START The data

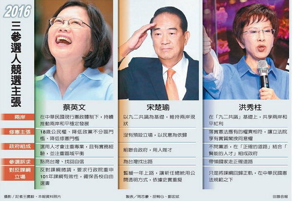 蔡英文、宋楚瑜、洪秀柱。圖/聯合報提供
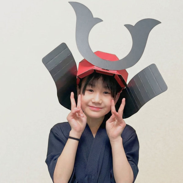 かぶとのつのみたいになっている部分は、同封の紙を切って貼ることで、金色にすることが出来ます。
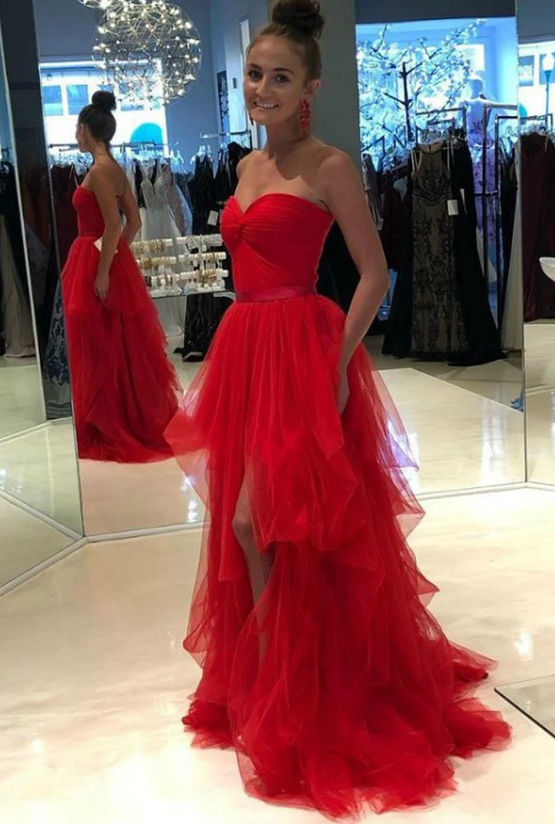 Вечернее платье без бретелек, с высоким разрезом, с блестками
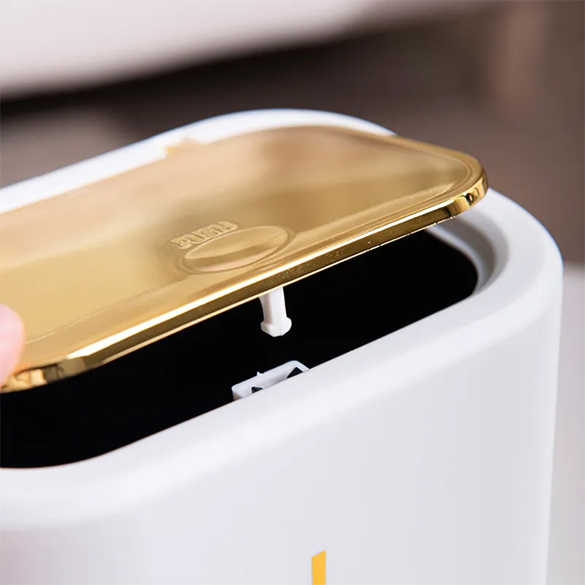 Unul dintre punctele sale distinctive este capacul cu sistem de deschidere prin apasare, care ofera o modalitate usoara si igienica de a arunca deseurile.

END The data

Leave the pictures out and retype only the lines from the line with "Вечернее платье без" through the final line of the material, both ends included, word for word.

— Solution to the exercise —
 Вечернее платье без бретелек, с высоким разрезом, с блестками
 Unul dintre punctele sale distinctive este capacul cu sistem de deschidere prin apasare, care ofera o modalitate usoara si igienica de a arunca deseurile.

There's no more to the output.